The past year has been no time for extravagance, and balms for the isolation have come in the form of impulse Turnip Truck visits and sudden urges to curate an organic and sustainable pantry. I found a grocery goldmine in the shops on Nolensville Pike’s interminable strip. My first trip to K&S stems from two things: the advice of culinary friends and the fact that two supermarkets I visit regularly lack the ingredients I need (red curry paste and fish sauce).
When I enter through the sliding double doors, I’m immediately in the heart of the produce section. The first word that comes to mind is "reverie," and then "variety." Bananas come in red, baby, Manzano and the standard (priced 20 cents cheaper than Kroger’s organic kind). Avocados the size of my open palm adorn an unassuming corner; melons, cucumbers and peppers are quadruple the size and half the price.

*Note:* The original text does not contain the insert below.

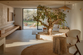 On the ground floor, there's a garage with two parking spaces, which offers direct access to the house. There's also a laundry room. Upon entering, you're captivated by a large, open-plan space where the kitchen, dining room, and two living rooms are connected, all surrounded by large glass walls. The star of the house is the century-old olive tree in the center of the living room.

Diversity and cost-efficiency are recurring themes throughout the store. A full butcher and seafood section is located in the back with live crabs, tilapia and lobster. The last time I saw a tank in a grocery store was definitely in the late ’90s inside of a Walmart. I feel a rush of nostalgia, that sense of childhood advocacy I felt on seeing the lobster tanks, but also delight at the fact that I can purchase fresh tilapia at K&S for $4.99 per pound. I text my mom to see how much she spent on crab recently; she says $50 per pound. I reply, “K&S has live crab for $17.99/lb, joke's on us.”

I make my way through the rest of the shop. Entire aisles are dedicated to myriad spices, rice stacked to the ceiling and salt galore (Samin Nosrat would be overjoyed). As I’m looking through the snack aisle, a thought snaps me out of my fixation on fried-chicken-flavored Lay's: This place caters to everyone. I look up and see a Middle Eastern family, an elderly Asian man, a Latina grandmother and her granddaughter, and a white couple near the end of the aisle. This is the real Nashville.
As I enter the checkout line, I’m reminded again to slow down — no self checkouts here. There's a little girl with black pigtails flowing down her back ahead of me. She’s got her eyes on a footlong strand of marshmallow called “crazy legs.” Her dad plucks one down for her and she beams. I exit the store and stop for a hot chocolate from the vendor. When I ask to take her picture she squints and pointedly strikes me down. I laugh and jog away in embarrassment, thinking to myself that an hour spent here on a Sunday is a better way to meditate on life than sitting in a foldout chair on the lawn of one of Nashville’s megachurches. I also saved a ton on groceries.
K&S offers two locations: one on Nolensville Pike in South Nashville and the other on Charlotte Pike on the West Side. Soon in my quest for exciting new eats, I hope to visit locally owned Fresh&Fresh, the palatial new Patel Brothers Indian marketplace, and the Mazfresco located in Plaza Mariachi.